Secure and Trustable Electronic Medical Records Sharing using Blockchain

Electronic medical records (EMRs) are critical, highly sensitive private information in healthcare, and need to be frequently shared among peers. Blockchain provides a shared, immutable and transparent history of all the transactions to build applications with trust, accountability and transparency. This provides a unique opportunity to develop a secure and trustable EMR data management and sharing system using blockchain. In this paper, we present our perspectives on blockchain based healthcare data management, in particular, for EMR data sharing between healthcare providers and for research studies. We propose a framework on managing and sharing EMR data for cancer patient care. In collaboration with Stony Brook University Hospital, we implemented our framework in a prototype that ensures privacy, security, availability, and fine-grained access control over EMR data. The proposed work can significantly reduce the turnaround time for EMR sharing, improve decision making for medical care, and reduce the overall cost

💡 Research Summary

**
The paper addresses the pressing need for secure, efficient, and patient‑centric sharing of electronic medical records (EMRs) in modern healthcare, focusing on oncology patients who often require long‑term, multi‑institutional care. Recognizing the limitations of existing centralized health‑information‑exchange (HIE) solutions—single points of failure, scalability bottlenecks, and inadequate privacy guarantees—the authors propose a blockchain‑based framework that leverages a permissioned ledger (Hyperledger Fabric) together with encrypted cloud storage to manage EMR metadata, access‑control policies, and consent records.

Key design choices are justified in depth. A permissioned blockchain is selected because medical data demand strong identity verification, low latency, and cost‑free transaction execution—features not offered by permissionless systems that rely on pseudonymous accounts and mining‑based consensus. Hyperledger’s modular architecture allows the use of PBFT‑style consensus, providing deterministic finality and throughput suitable for clinical environments (demonstrated at ~45 TPS with sub‑200 ms response times). The system separates the immutable ledger (holding only hashes, pointers, and policy rules) from the actual EMR files, which are stored encrypted (AES‑256) in a cloud object store. This design preserves data integrity while avoiding blockchain bloat.

The framework comprises four layers: (1) client applications for patients, physicians, and researchers; (2) a membership service that issues X.509 certificates and per‑transaction TCerts to ensure unlinkability; (3) chaincode (smart contracts) that encode fine‑grained consent (read/write, time‑bound, role‑based) and enforce it on every access request; and (4) the encrypted data repository. Patients can dynamically grant, modify, or revoke permissions through a mobile UI, and each change is instantly recorded on the ledger, guaranteeing auditability and real‑time propagation across all peer nodes. If a peer goes offline, other peers continue to serve requests, ensuring high availability.

Three illustrative scenarios are presented: (i) primary patient care across multiple hospitals, where the ledger acts as a shared source of truth for the latest treatment data; (ii) data aggregation for research, where consent‑driven, anonymized hash lists enable trustworthy data collection without exposing identifiable information; and (iii) connected health involving insurers and pharmacies, which benefits from transparent prescription and cost data. The authors implement a prototype in the radiation oncology department of Stony Brook University Hospital. In this use‑case, oncologists can instantly retrieve prior radiation doses, lab results, and imaging studies from any participating institution, reducing duplicate testing and accelerating treatment decisions.
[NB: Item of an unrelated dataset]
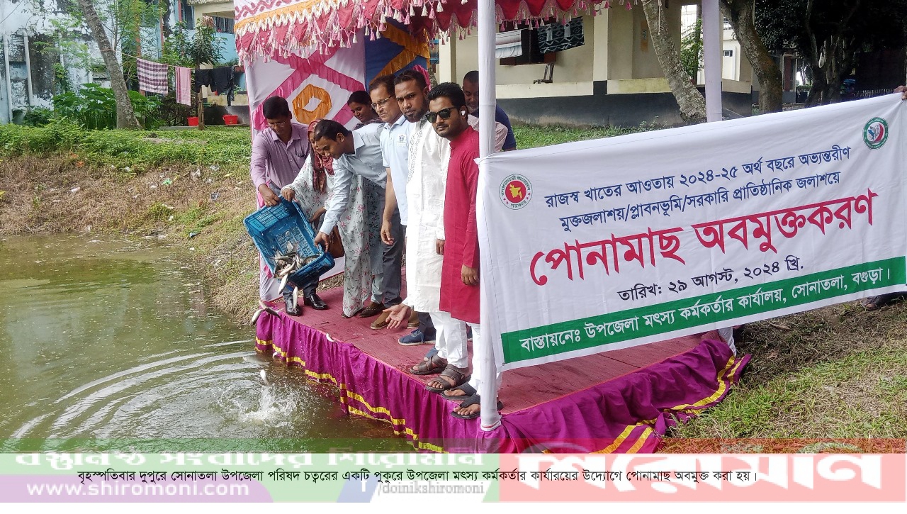 শিমন আহম্মেদ বাদল, সোনাতলা (বগুড়া) উপজেলা প্রতিনিধি: বৃহস্পতিবার দুপুরে বগুড়ার সোনাতলা উপজেলা পরিষদের একটি পুকুরে পোনা মাছ অবমুক্ত করা হয়। উপজেলা মৎস্য কর্মকর্তার কার্যালয়ের বাস্তবায়নে পোনা মাছ অবমুক্ত করেন বগুড়া জেলা মৎস্য কর্মকর্তা মো: আরিফুজ্জামান। এ সময় উপস্থিত ছিলেন উপজেলা মৎস্য কর্মকর্তা মোস্তফা কামাল, উপজেলা প্রকৌশলী মাহবুবুল হক , মৎস্য সম্প্রসারণ কর্মকর্তা রোকসানা, হিসাবরক্ষণ কর্মকর্তা রুহুল আমিন, নির্বাচন কর্মকর্তা আলমগীর হোসেন ,পল্লী উন্নয়ন কর্মকর্তা লিপিকা রানী, পৌর যুবদলের সিনিয়র যুগ্ন আহবায়ক মাহমুদুর রহমান রনি, উপজেলা ছাত্রদলের সভাপতি সাজ্জাদুর রহমান চাঁদ ,পৌর ছাত্রদলের সভাপতি বকুল মিয়া,ঠিকাদারী প্রতিষ্ঠান আঁখি এন্টার প্রাইজের প্রতিনিধি আল আমিন ও মৎস্য অফিসের অফিস সহকারী আশরাফুল ইসলাম, একইদিন উপজেলার ১১টি জলাশয়ে পোনা মাছ অবমুক্ত করা হয়।

Performance evaluation shows that the prototype achieves sub‑second latency for permission checks and data retrieval, and the system scales linearly with the number of peers. Security analysis confirms resistance to tampering (immutability of the ledger), confidentiality (encryption of data at rest and in transit), and unauthorized access (policy enforcement by chaincode). The authors also discuss compliance with regulations such as HIPAA and GDPR, noting that the immutable audit trail and patient‑controlled consent satisfy many legal requirements.
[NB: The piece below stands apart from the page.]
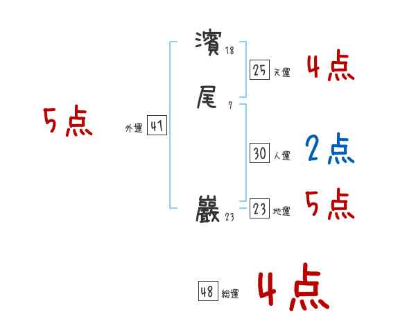 天運![]() | 濱尾巖さんの天運は25画の4つ星!個性があり才能があふれる。強運の持ち主で発展する。 家系が持つ宿命的な運勢を表します。祖先から受け継いだ苗字ですので自分の力が及びません。家柄を象徴します。 |

Limitations are acknowledged: the need for dedicated infrastructure and expertise to operate a Hyperledger network, the current reliance on an older Fabric version lacking advanced channel‑level privacy, and the nascent state of the patient UI, which requires extensive usability testing before wide clinical adoption. Future work includes integrating zero‑knowledge proofs for privacy‑preserving consent verification, employing multi‑channel architectures for inter‑organizational data isolation, and extending the model to other chronic‑care domains.
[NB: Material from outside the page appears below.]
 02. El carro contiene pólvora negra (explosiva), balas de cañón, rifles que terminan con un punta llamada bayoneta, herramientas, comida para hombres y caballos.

In summary, the paper delivers a concrete, technically sound blueprint for blockchain‑enabled EMR sharing. By combining a permissioned ledger for immutable metadata and policy management with encrypted cloud storage for the actual records, the proposed system achieves the trifecta of security, privacy, and availability. The prototype’s successful deployment in a real oncology setting demonstrates the feasibility of the approach and its potential to streamline clinical workflows, accelerate research data collection, and ultimately improve patient outcomes while maintaining rigorous data protection standards.